RECORDED DATA:
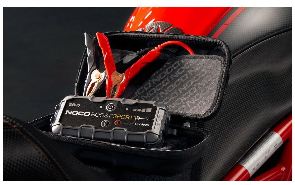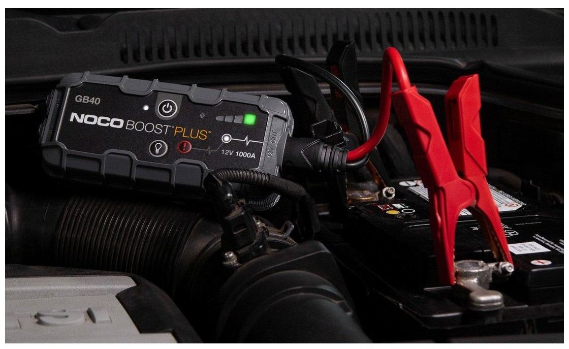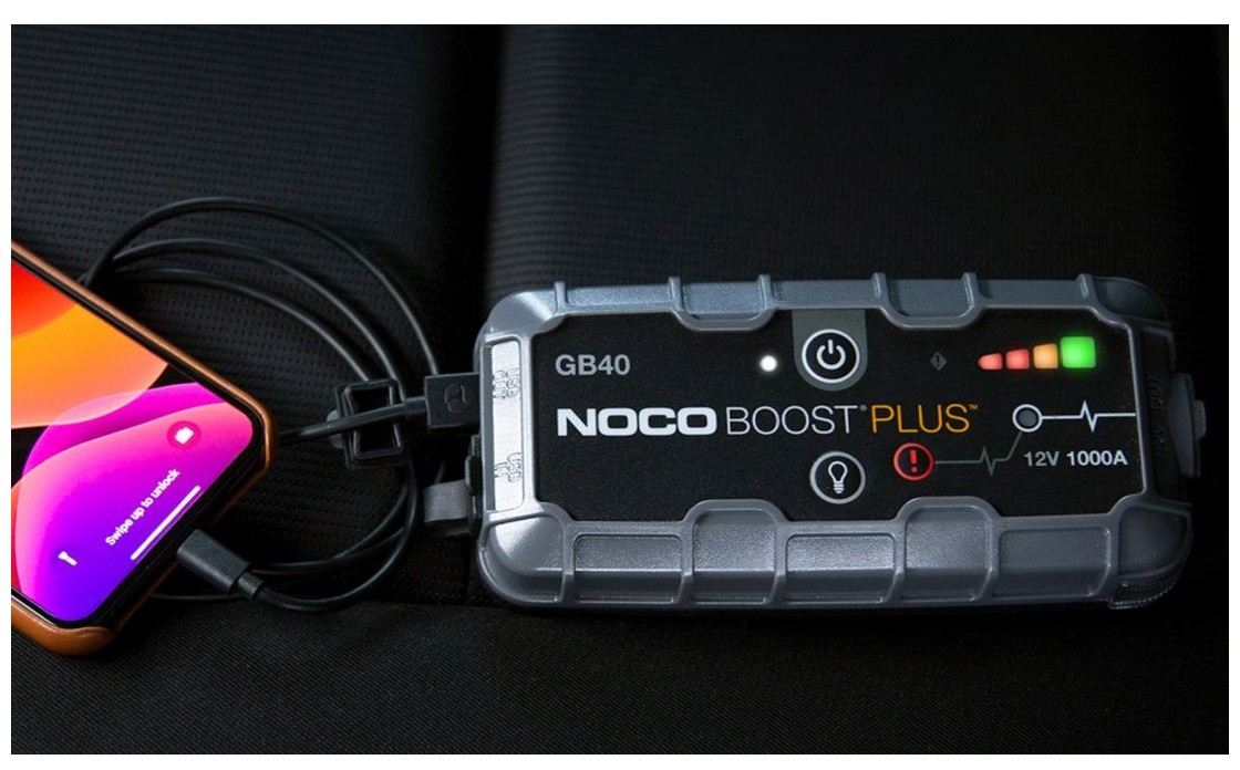 12V jump starter with 1000A peak current, capable of starting gasoline engines up to 6 liters and light diesels. Fail-safe technology prevents unwanted sparks, while the battery doubles as a power bank for smartphones and tablets. Includes LED flashlight and durable carrying case for easy transport. Item code: GB40.
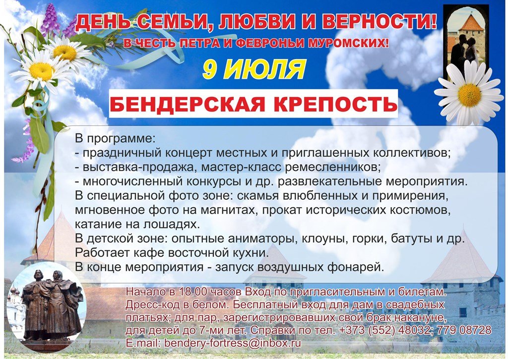 9 июля разноплановой праздничной программой отметят приднестровцы День семьи, любви и верности в Бендерах. Яркое мероприятие на территории Бендерской крепости организует администрация исторического военно-мемориального комплекса.
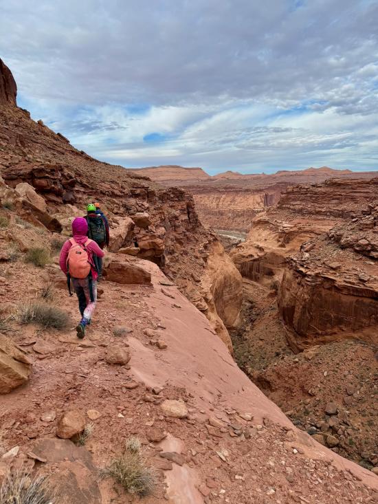 On the exit hike, Ondy once again had a really hard time with the heights. At one point, she sat down with her head between her knees, just bawling. It was definitely a mind-game thing for her. The walking wasn’t tricky, but it was windy and cold and she kept getting in a bad headspace. I clipped a rope onto the waistband of my pack and let her hold onto that, and Tre and I distracted her while we hiked, letting her tell us about some of the recent dates she has been on.

TASK OBJECTIVE:
Repeat the listing verbatim. Skip the pictures.

ANSWER SPACE:
 12V jump starter with 1000A peak current, capable of starting gasoline engines up to 6 liters and light diesels. Fail-safe technology prevents unwanted sparks, while the battery doubles as a power bank for smartphones and tablets. Includes LED flashlight and durable carrying case for easy transport. Item code: GB40.
 9 июля разноплановой праздничной программой отметят приднестровцы День семьи, любви и верности в Бендерах. Яркое мероприятие на территории Бендерской крепости организует администрация исторического военно-мемориального комплекса.
 On the exit hike, Ondy once again had a really hard time with the heights. At one point, she sat down with her head between her knees, just bawling. It was definitely a mind-game thing for her. The walking wasn’t tricky, but it was windy and cold and she kept getting in a bad headspace. I clipped a rope onto the waistband of my pack and let her hold onto that, and Tre and I distracted her while we hiked, letting her tell us about some of the recent dates she has been on.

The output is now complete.